- Flag
- Friedens Location within the U.S. state of Pennsylvania Friedens Friedens (the United States)
- Coordinates: 40°3′4″N 78°59′44″W﻿ / ﻿40.05111°N 78.99556°W
- Country: United States
- State: Pennsylvania
- County: Somerset

Area
- • Total: 3.15 sq mi (8.15 km^{2})
- • Land: 3.15 sq mi (8.15 km^{2})
- • Water: 0 sq mi (0.00 km^{2})

Population (2020)
- • Total: 1,504
- • Density: 478.2/sq mi (184.63/km^{2})
- Time zone: UTC-5 (Eastern (EST))
- • Summer (DST): UTC-4 (EDT)
- ZIP code: 15541
- Area code: 814
- FIPS code: 42-27928

= Friedens, Pennsylvania =

Unincorporated community in Pennsylvania, US

Friedens is a census-designated place (CDP) that is part of Somerset Township, Somerset County, Pennsylvania, United States. The population was 1,523 at the 2010 census. It is part of the Johnstown, Pennsylvania Metropolitan Statistical Area.

==Location==

Friedens is located west of Indian Lake and Shanksville and east of Somerset and has access to US 219.

===Sites===
Friedens is within driving distance of the following attractions:
- Flight 93 National Memorial, approximately eight miles away
- Shawnee State Park (driving towards Bedford)
- Laurel Mountain State Park (on the west side of Somerset, Pennsylvania)
- Somerset County Airport
- the town of Somerset, Pennsylvania and its unique shops and restaurants

==Geography==
Friedens is located at (40.051182, -78.995474). According to the United States Census Bureau, the CDP has a total area of 3.1 sqmi, all land.

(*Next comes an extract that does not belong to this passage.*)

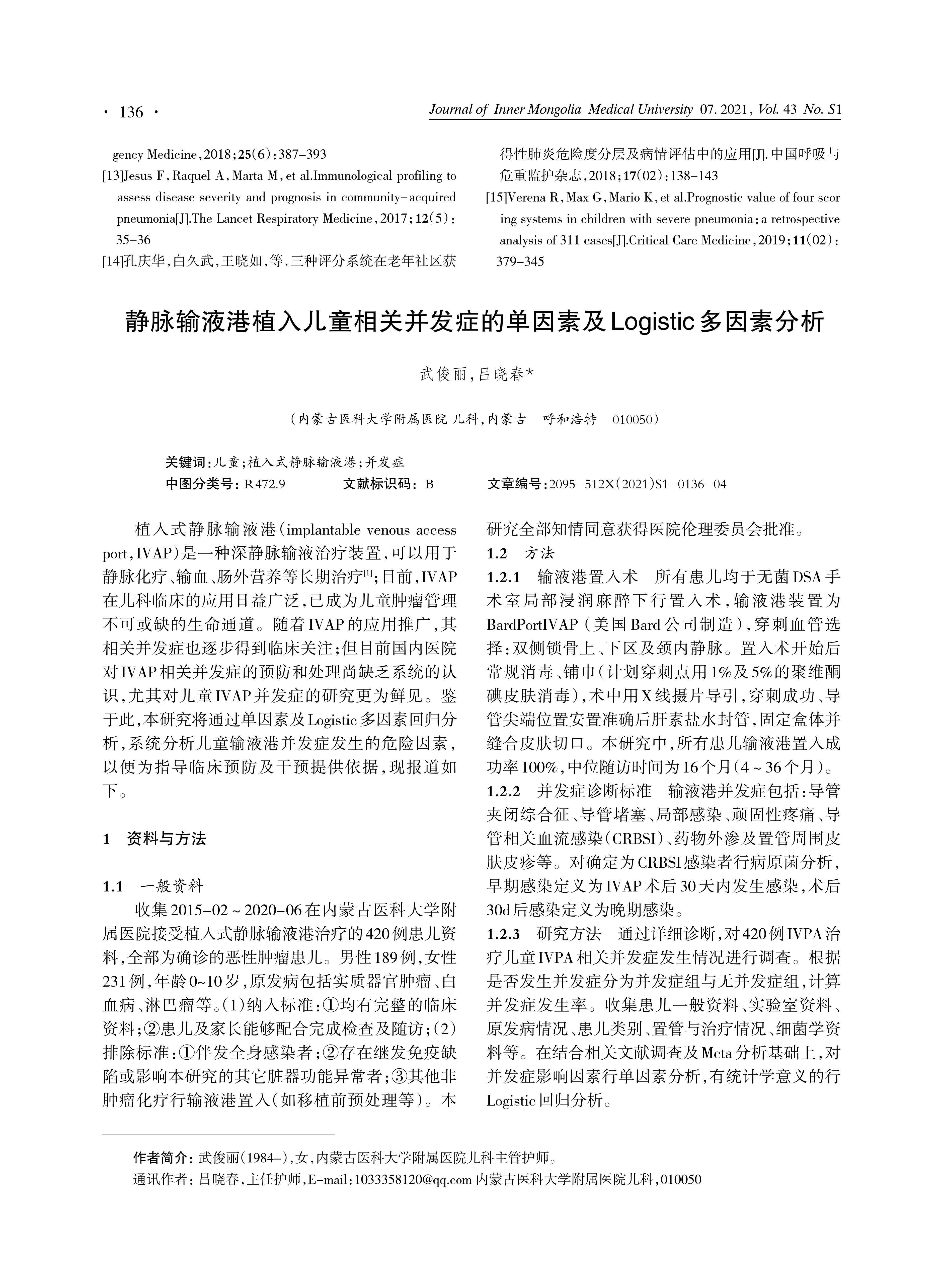 [摘要]:目的 探讨儿童植入式静脉输液港(IVPA)应用中并发症发生的危险因素,为儿科临床防控IVPA常见并发症提供理论依据。方法 收集2015年2月至2019年6月在内蒙古医科大学附属医院接受植入式静脉输液港治疗的420例患儿资料,根据是否发生IVPA相关并发症分为并发症组与无并发症组,采用单因素及多因素logistic回归方法分析IVPA并发症事件及其危险因素。结果 纳入本研究的IVPA治疗儿童置入术后共有33例出现并发症,发生率为7.86%(33/420),其中局部感染最常见,占2.86%(12/420);单因素分析中,并发症组与无并发症组患儿在年龄、肿瘤类型、是否为住院患儿及血白蛋白水平等差异均有统计学意义(t/x2=4.652、7.256、5.303、6.093,P<0.05);运用多因素回归分析,结果显示恶性血液系统肿瘤(OR=5.976,P<0.05)、血白蛋白水平低(OR=3.027,P<0.05)是导致儿童IVPA植入术并发症发生的独立危险因素(均P<0.05)。结论 恶性血液系统肿瘤、血白蛋白水平低、低幼儿童以及住院患儿可能与儿童植入式静脉输液港治疗中更高的并发症发生率有关,根据影响因素强化早期管理和合理治疗,可以有效提升IVPA治疗安全性、降低相关并发症发生。

Like most of the Somerset County area, Friedens contains and is surrounded mostly by farmland, including many family-operated farms.

==Demographics==

As of the census of 2000, there were 1,673 people, 636 households, and 485 families residing in the CDP. The population density was 533.1 PD/sqmi. There were 682 housing units at an average density of 217.3 /sqmi. The racial makeup of the CDP was 99.34% White, 0.06% African American, 0.12% Native American, 0.18% Asian, 0.06% from other races, and 0.24% from two or more races. Hispanic or Latino of any race were 0.18% of the population.

There were 636 households, out of which 37.3% had children under the age of 18 living with them, 64.9% were married couples living together, 6.6% had a female householder with no husband present, and 23.6% were non-families. 20.6% of all households were made up of individuals, and 9.9% had someone living alone who was 65 years of age or older. The average household size was 2.61 and the average family size was 3.00.

In the CDP, the population was spread out, with 27.0% under the age of 18, 7.8% from 18 to 24, 30.5% from 25 to 44, 21.4% from 45 to 64, and 13.3% who were 65 years of age or older. The median age was 35 years. For every 100 females, there were 99.2 males. For every 100 females age 18 and over, there were 92.9 males.

The median income for a household in the CDP was $36,117, and the median income for a family was $37,232. Males had a median income of $26,576 versus $20,288 for females. The per capita income for the CDP was $16,571. About 8.2% of families and 8.3% of the population were below the poverty line, including 5.8% of those under age 18 and 12.3% of those age 65 or over.

Historical population
| Census | Pop. | Note | %± |
| 2020 | 1,504 |  | — |
U.S. Decennial Census

==Education==
It is in the Somerset Area School District.